From the line that contains "Aligi Sassu, Il" to the final line of the records below, print each line exactly and leave every picture out.

--

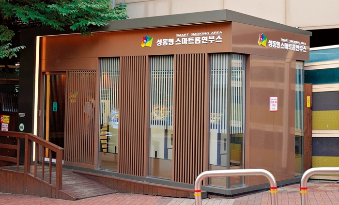 성동구가 지자체 최초로 도입한 밀폐형 흡연 부스로 간접흡연으로 고통받는 비흡연자의 불편을 해소하면서 흡연자도 안전하게 흡연할 수 있는 권리를 존중하는 공공갈등 해소형 스마트 시설이다. 밀폐형 음압설비를 갖춰 문이 열려도 담배 연기가 바깥으로 새어 나오지 않는 것은 물론, 공기 정화 장치로 내부 공기를 지속 순환시킨다. 부스 내부는 냉난방 시스템이 내장돼 사계절 쾌적한 환경을 제공하며, 니코틴이나 타르가 붙지 않도록 특수 코팅 처리돼 있다. 담배꽁초를 자동 소화하고 파쇄하는 기능을 갖춘 ‘스마트 재떨이’가 설치돼 쌓인 담뱃재와 꽁초는 독성을 제거한 뒤 열가소성 목재로 가공해 친환경 목제 제품으로 재활용할 수 있도록 처리된다. 설치 뒤 흡연 다발 지역 민원이 수백 건에서 0건으로 획기적으로 줄었다.
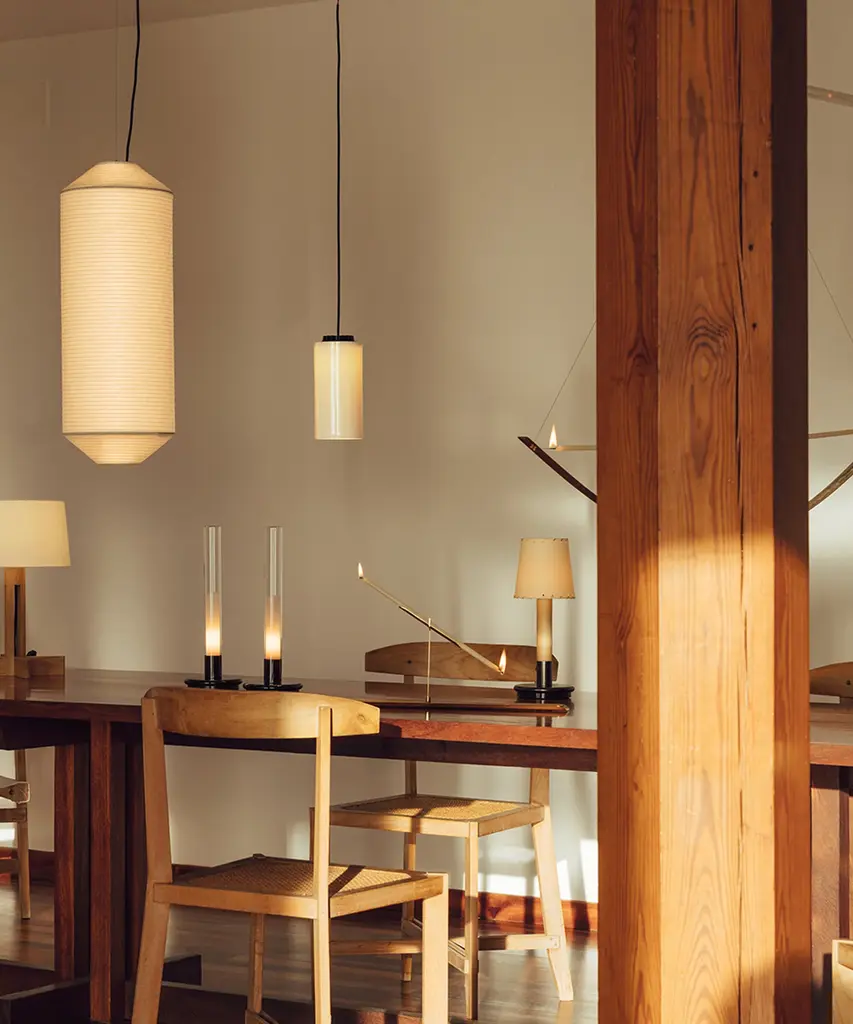 The wall version of Cirio allows the light to be placed at a closer scale to the user. This creates a succession of rhythms that, in repetition, lead the path. The shades, in polished brass, porcelain, or opal glass, are supported by an elegant and subtle aluminum line. Produced by the Barcelona-based lighting purveyor, Santa & Cole.
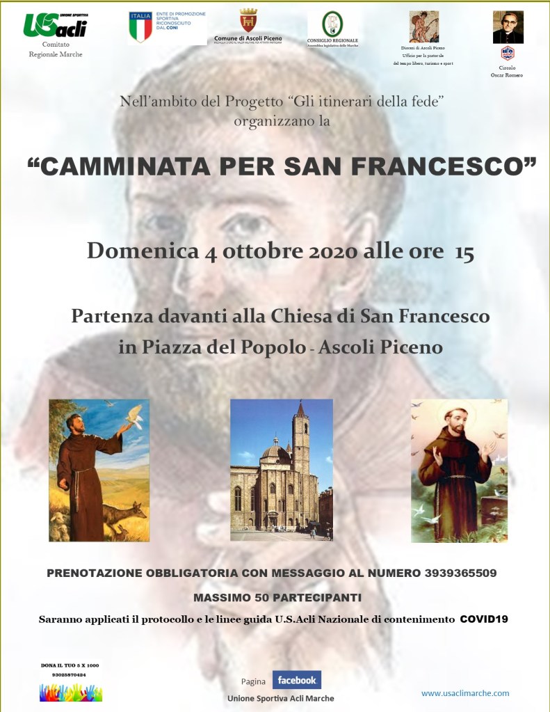 ASCOLI – In occasione di una festività tanto cara ai cittadini italiani, di cui è il patrono, domenica 4 ottobre si svolgerà la “Camminata per San Francesco”, camminata culturale aperta a persone di ogni età.
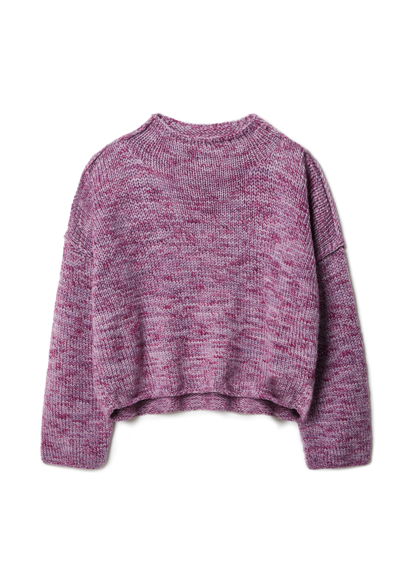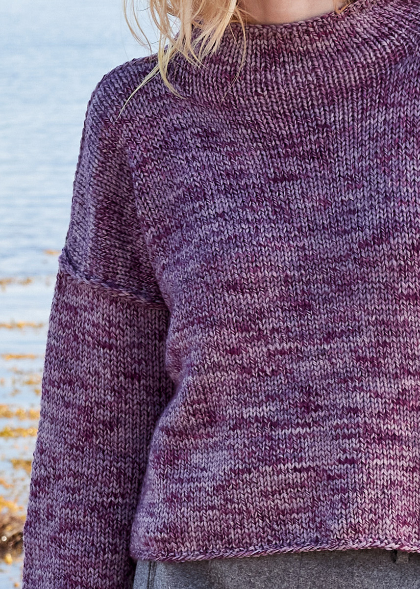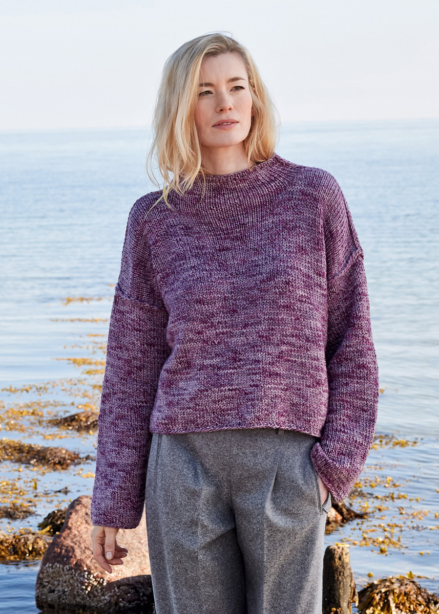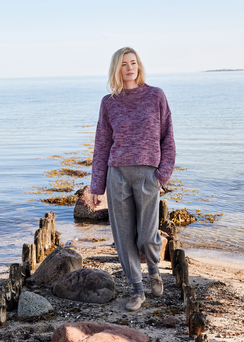 550 (600, 650, 700) g of Lana Grossa Vintage Chunky (100% Merino wool; 80 m/50 g) in Grey Beige/Mauve (col 7). Size 5 and 6 mm needles
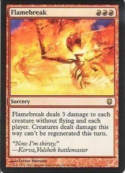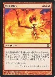 火炎崩れは、すべての飛行を持たないクリーチャーとすべてのプレイヤーに3点のダメージを与える。これによりダメージを与えられたクリーチャーは、このターン再生できない。
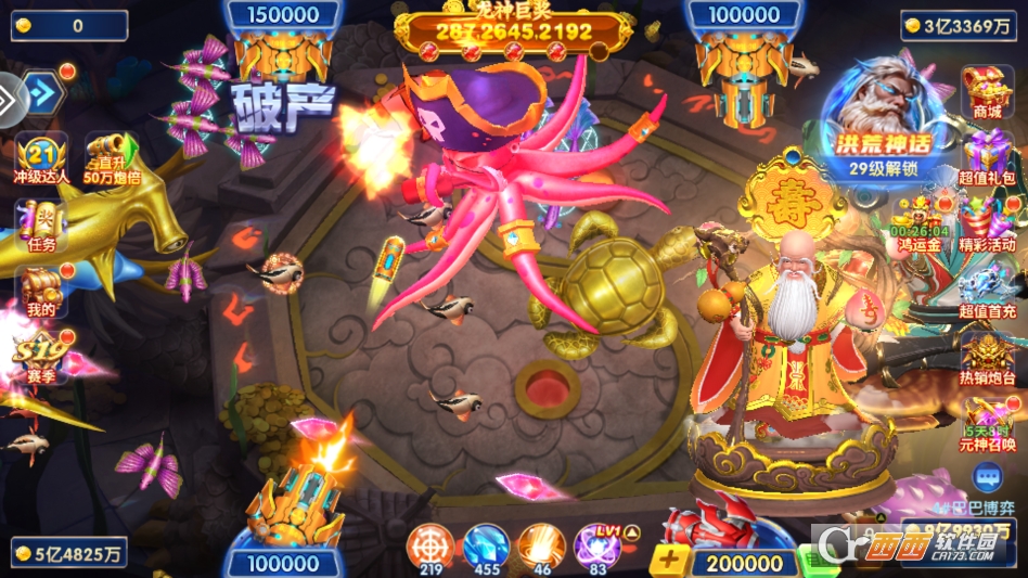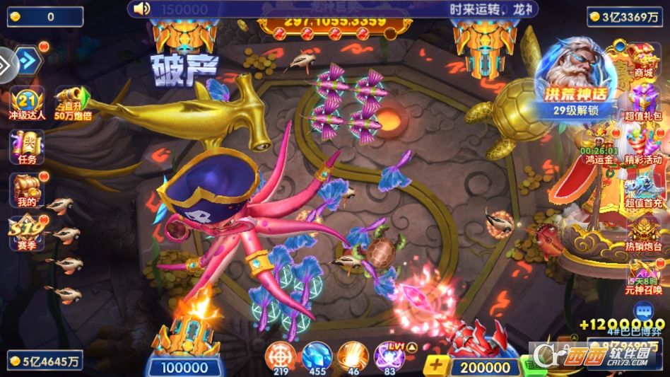经典千炮炮台自由升级,倍率灵活切换,搭配强力道具,捕捞体验爽快刺激。
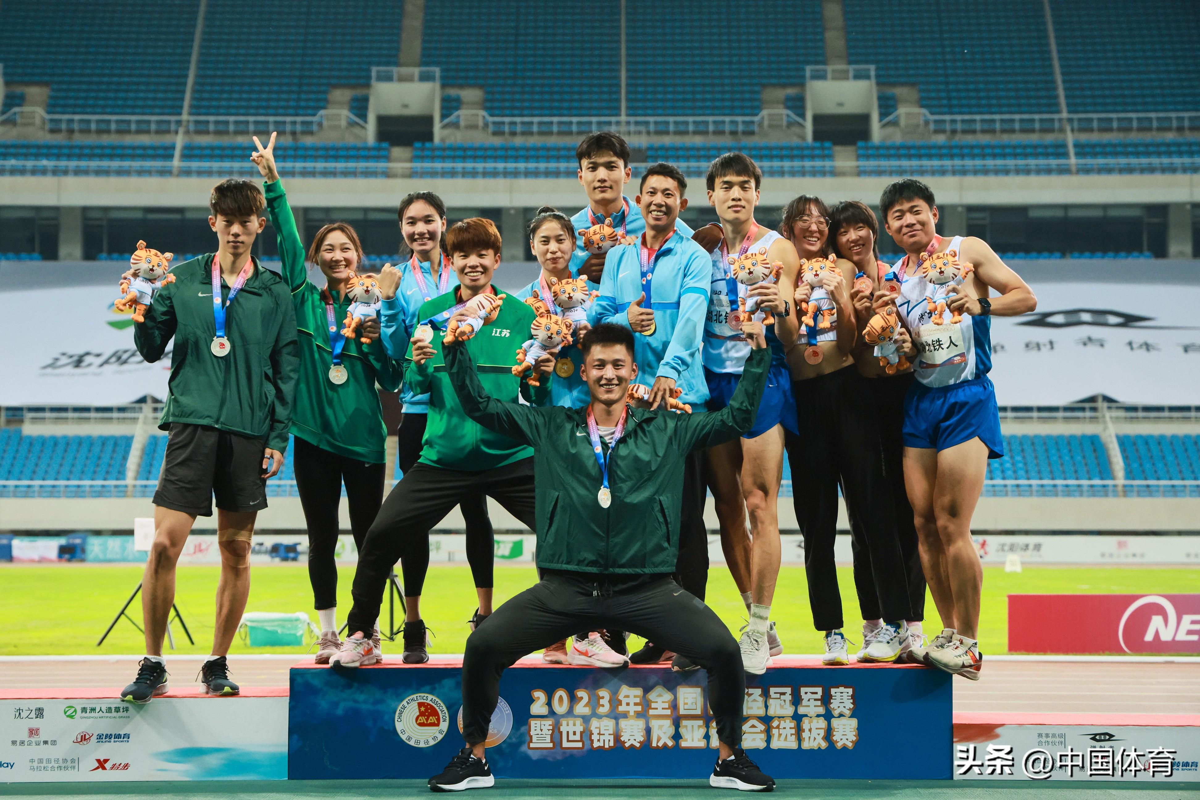 冠軍四川鐵人隊(中)亞軍江蘇鐵人 隊(左)季軍湖北鐵人(右)隊在男女混合4x400米接力頒獎儀式上
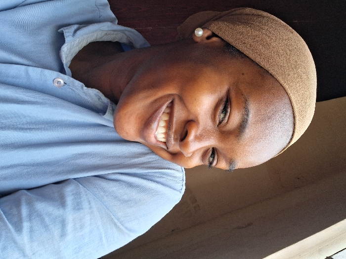 A headshot features a young adult female with dark skin, angled slightly towards the viewer and positioned off-center. She wears a light brown head covering, a light blue collared shirt with the top button unfastened, and a white pearl earring in her visible left ear. Her head is tilted to her right, and she displays a broad smile, revealing her teeth. The blurred background shows a dark, vertical, reddish-brown surface on the left, likely a door or frame, and a lighter, textured wall or structure on the right, illuminated by natural light. The specific location within Lagos, Nigeria, is not discernible from the visual information provided.
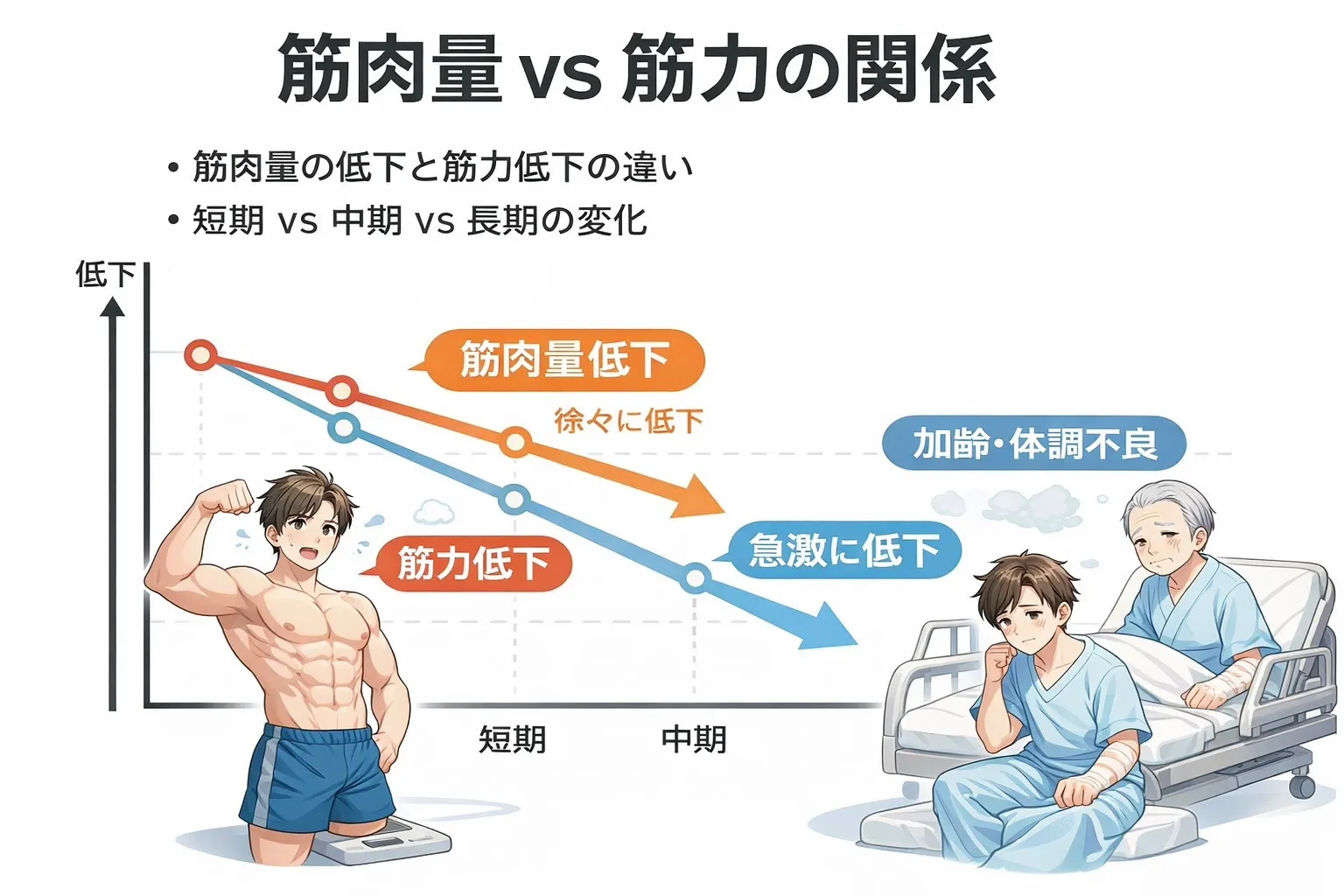これが“筋萎縮”という現象で、筋肉のサイズだけでなく「質」や「力の出し方」まで変わってしまうのです。
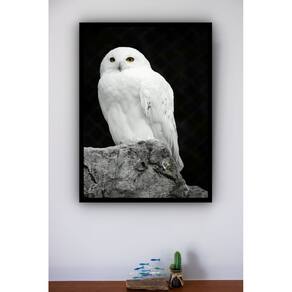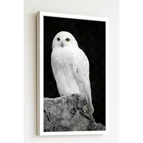 Quadro Decorativo Foto Coruja Na Pedra - 70x50cm - Cor: Moldura Branca
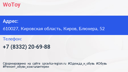 WoToy по адресу 610027, Кировская область, Киров, Блюхера, 52 в дальнейшем Организация, размещена в следующих категориях:
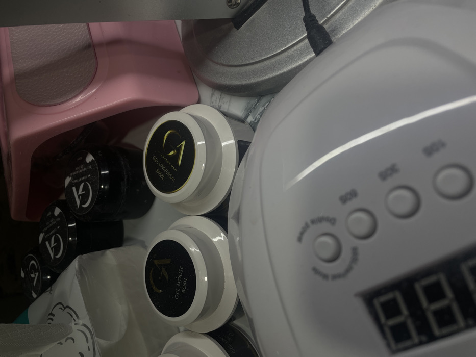 This image, taken in Aratashen, Armenia, presents a detailed overhead view of nail care products and equipment arranged on a surface, likely a countertop with a marble-like pattern
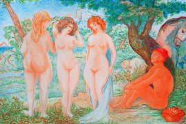 Aligi Sassu, Il giudizio di Paride, litografia a colori, prova d'artista (V/XII), cm 67x95,5, firmato in basso a destra, entro cornice
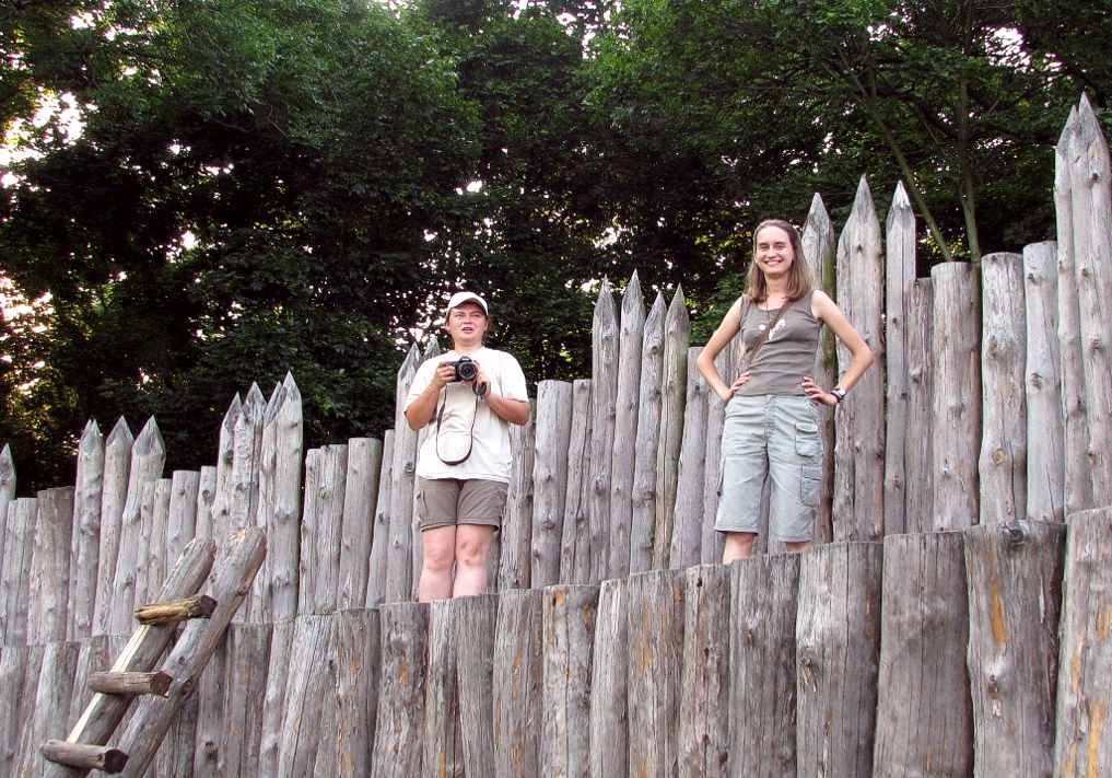 Agnieszka Henel i Julia Dobrzańska zwiedzają grodzisko w Lądzie.
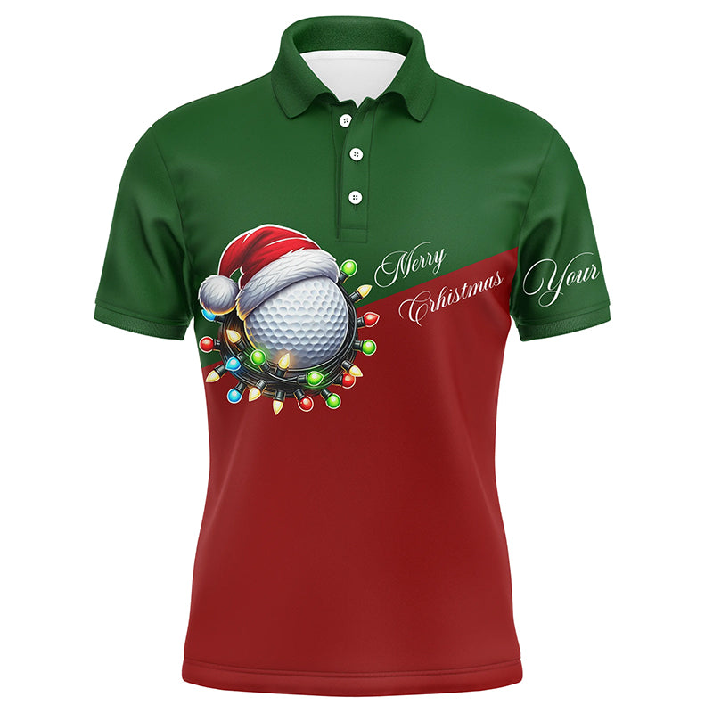 Red and Green Christmas Golf ball Men golf polo shirt custom mens golf tops Christmas golf gifts NQS8869
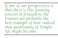 And in terms of the quest for the historical Jesus, what does the story of the Essenes tell us? What light does it cast on his life and times?

--

* Solution for this task
 Aligi Sassu, Il giudizio di Paride, litografia a colori, prova d'artista (V/XII), cm 67x95,5, firmato in basso a destra, entro cornice
 Agnieszka Henel i Julia Dobrzańska zwiedzają grodzisko w Lądzie.
 Red and Green Christmas Golf ball Men golf polo shirt custom mens golf tops Christmas golf gifts NQS8869
 And in terms of the quest for the historical Jesus, what does the story of the Essenes tell us? What light does it cast on his life and times?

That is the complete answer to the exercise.